◆ **What the task requires**:
Since pictures are not part of the copy, please output only the lines from the one with "#paleoart #palaeoart #FossilFriday" through the end of the data below, exactly as written.

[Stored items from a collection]
-------

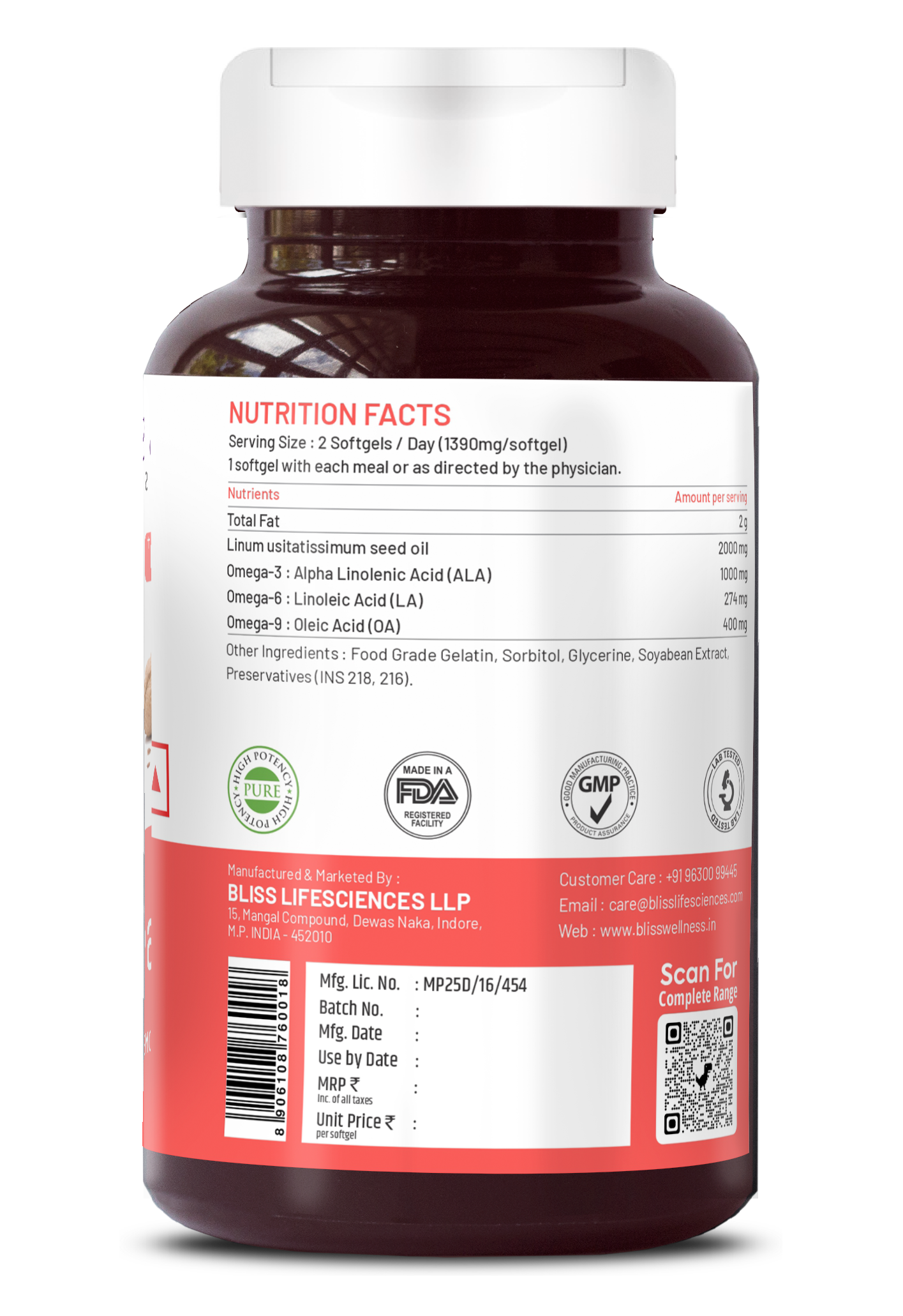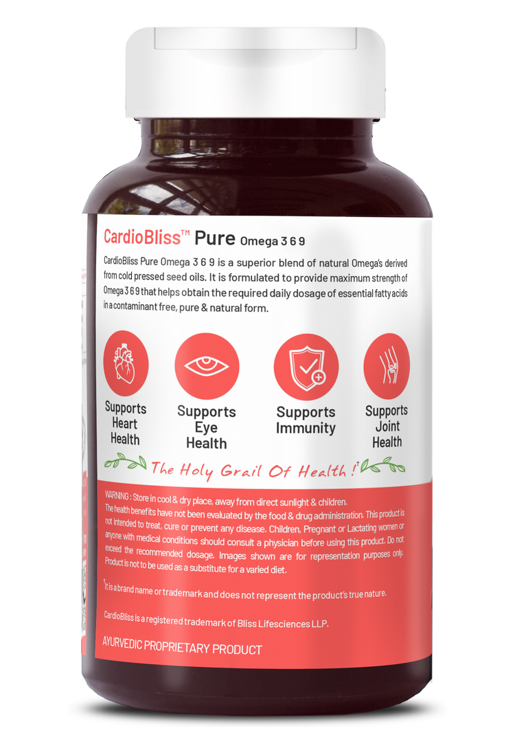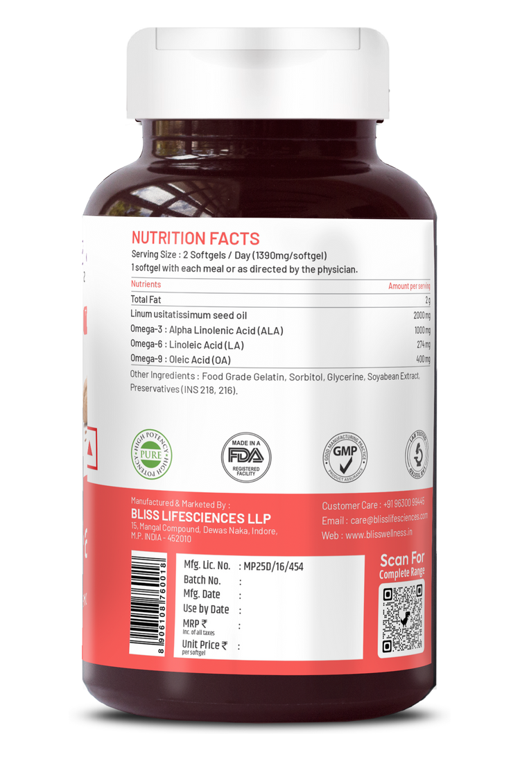 Bliss Welness CardioBliss Pure Omega 3 6 9 Omega 3 with Omega 6 & Omega 9 2000MG with ALA (Omega 3) 1000MG LA (Omega 6) 274MG OA (Omega 9) 400MG Heart Brain Eye Immunity Health Supplement - 60 Softgel Capsules - Bliss Welness Bliss Welness CardioBliss Pure Omega 3 6 9 Omega 3 with Omega 6 & Omega 9 2000MG with ALA (Omega 3) 1000MG LA (Omega 6) 274MG OA (Omega 9) 400MG Heart Brain Eye Immunity Health Supplement - 60 Softgel Capsules - Bliss Welness Bliss Welness CardioBliss Pure Omega 3 6 9 Omega 3 with Omega 6 & Omega 9 2000MG with ALA (Omega 3) 1000MG LA (Omega 6) 274MG OA (Omega 9) 400MG Heart Brain Eye Immunity Health Supplement - 60 Softgel Capsules - Bliss Welness Bliss Welness CardioBliss Pure Omega 3 6 9 Omega 3 with Omega 6 & Omega 9 2000MG with ALA (Omega 3) 1000MG LA (Omega 6) 274MG OA (Omega 9) 400MG Heart Brain Eye Immunity Health Supplement - 60 Softgel Capsules - Bliss Welness Bliss Welness CardioBliss Pure Omega 3 6 9 Omega 3 with Omega 6 & Omega 9 2000MG with ALA (Omega 3) 1000MG LA (Omega 6) 274MG OA (Omega 9) 400MG Heart Brain Eye Immunity Health Supplement - 60 Softgel Capsules - Bliss Welness
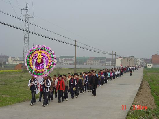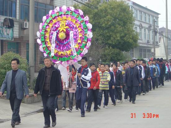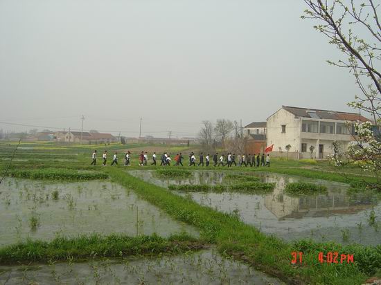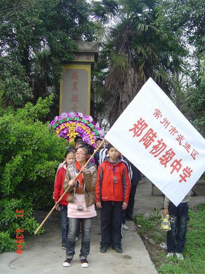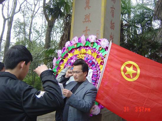 在纪念碑前,首先向烈士纪念碑敬献了花圈。各班为单位向烈士鞠躬致敬,并绕墓一周。
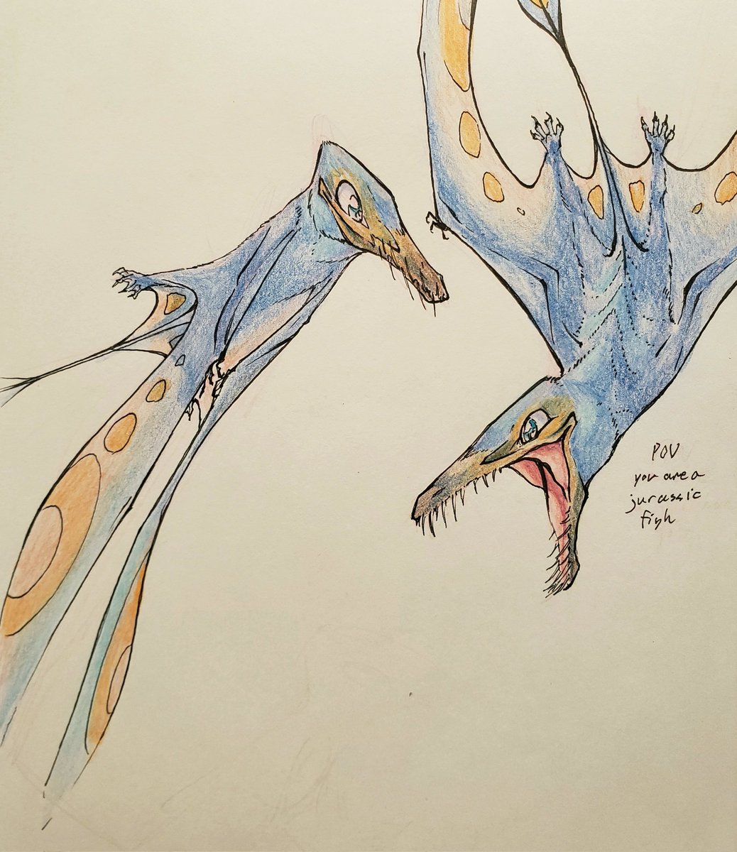 @WryCritic @Irishpalaeo @funstonpaleo @Dr_Butty @TomChallands @JurassicClark1 @tanytrachelos @AmeliaMPenny @SteveBrusatte @CurrentBiology @EdNapLifeSci @ENUApplyScience @EdinburghNapier Dearc sgiathanach (new Scottish pterosaur). Shoehorned #pterosaur interlude into Animal Behaviour #EdinburghNapier sessions on migration, & play. Prompts question: did pterosaurs migrate, & play? Forgive my palaeoart. #Dearc #Dearcsgiathanach #paleoart #palaeoart #FossilFriday
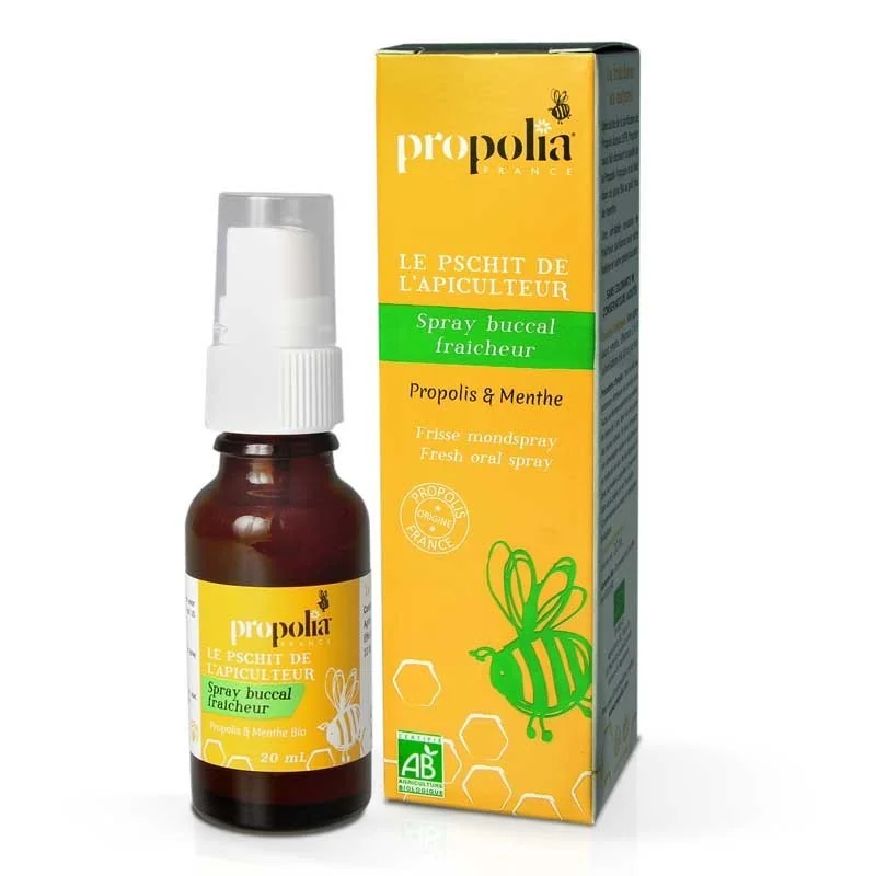 la Propolis Française et du Miel dans ce spray Bio au goût frais de menthe.
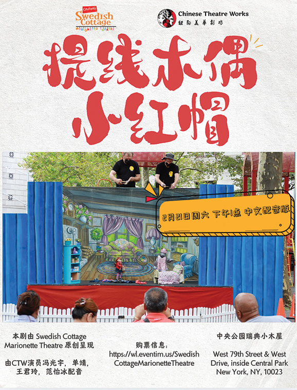 【侨报纽约讯】为庆祝农历新年的到来,纽约唯一的儿童木偶剧院 —— 位于中央公园的瑞典小屋木偶剧院(Swedish Cottage Marionette Theatre)携手纽约美华剧坊(Chinese Theatre Works),将于本周六(21日)下午1点,为纽约观众推出普通话版的《提线木偶·小红帽》(Little Red’s Hood)。
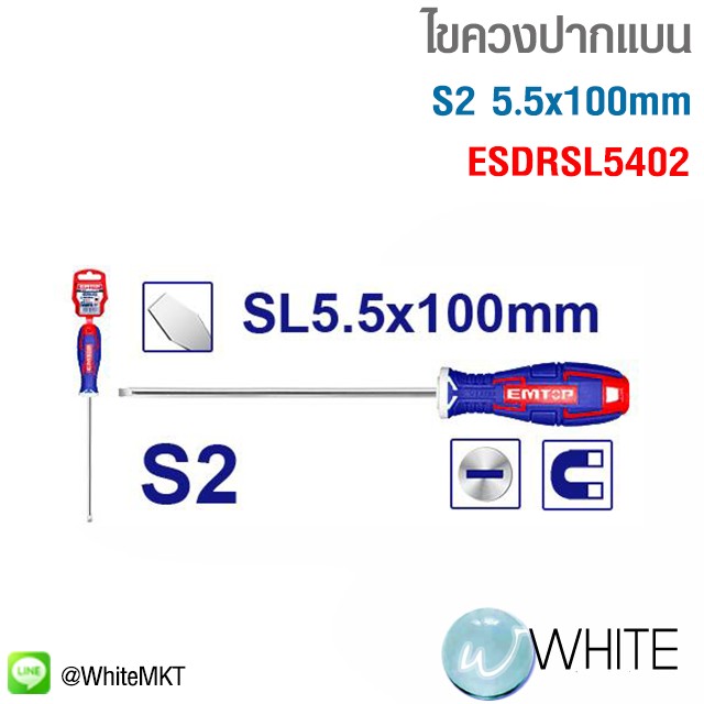 ไขควงปากแบน S2 5.5x100mmESDRSL5402 ยี่ห้อ EMTOP C20
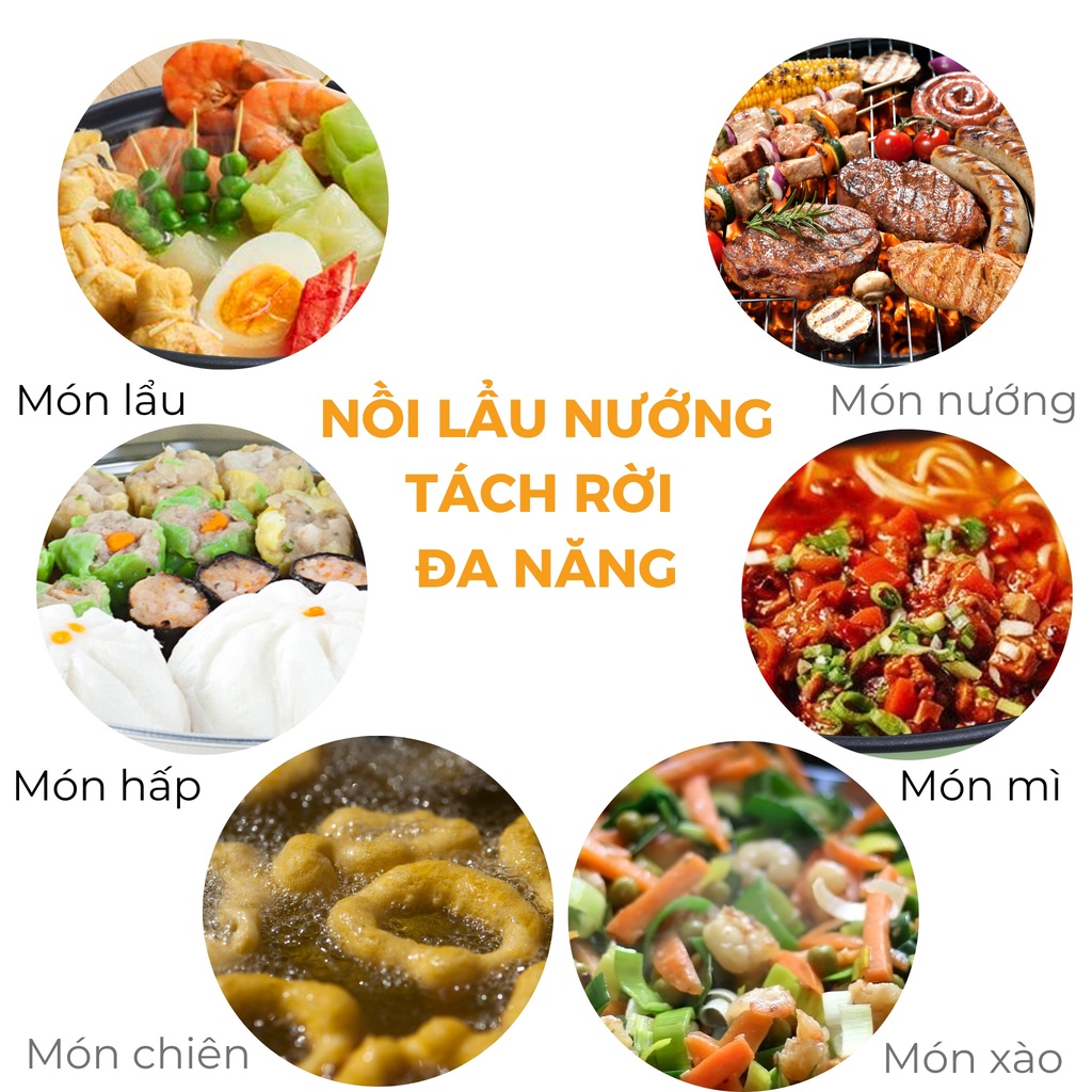 Tính năng nổi bật: Kết hợp 2 trong 1: lẩu + hấp tiện lợi Dung tích lớn 16L (nồi lẩu 4.5L) – Phù hợp gia đình đông người Công suất 1.600W – Nấu nhanh, giữ
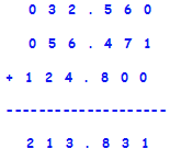 32.56 = 032.560 , 56.471 = 056.471 and 124.8 = 124.800

-------

◆ **Answer to the exercise**:
 @WryCritic @Irishpalaeo @funstonpaleo @Dr_Butty @TomChallands @JurassicClark1 @tanytrachelos @AmeliaMPenny @SteveBrusatte @CurrentBiology @EdNapLifeSci @ENUApplyScience @EdinburghNapier Dearc sgiathanach (new Scottish pterosaur). Shoehorned #pterosaur interlude into Animal Behaviour #EdinburghNapier sessions on migration, & play. Prompts question: did pterosaurs migrate, & play? Forgive my palaeoart. #Dearc #Dearcsgiathanach #paleoart #palaeoart #FossilFriday
 la Propolis Française et du Miel dans ce spray Bio au goût frais de menthe.
 【侨报纽约讯】为庆祝农历新年的到来,纽约唯一的儿童木偶剧院 —— 位于中央公园的瑞典小屋木偶剧院(Swedish Cottage Marionette Theatre)携手纽约美华剧坊(Chinese Theatre Works),将于本周六(21日)下午1点,为纽约观众推出普通话版的《提线木偶·小红帽》(Little Red’s Hood)。
 ไขควงปากแบน S2 5.5x100mmESDRSL5402 ยี่ห้อ EMTOP C20
 Tính năng nổi bật: Kết hợp 2 trong 1: lẩu + hấp tiện lợi Dung tích lớn 16L (nồi lẩu 4.5L) – Phù hợp gia đình đông người Công suất 1.600W – Nấu nhanh, giữ
 32.56 = 032.560 , 56.471 = 056.471 and 124.8 = 124.800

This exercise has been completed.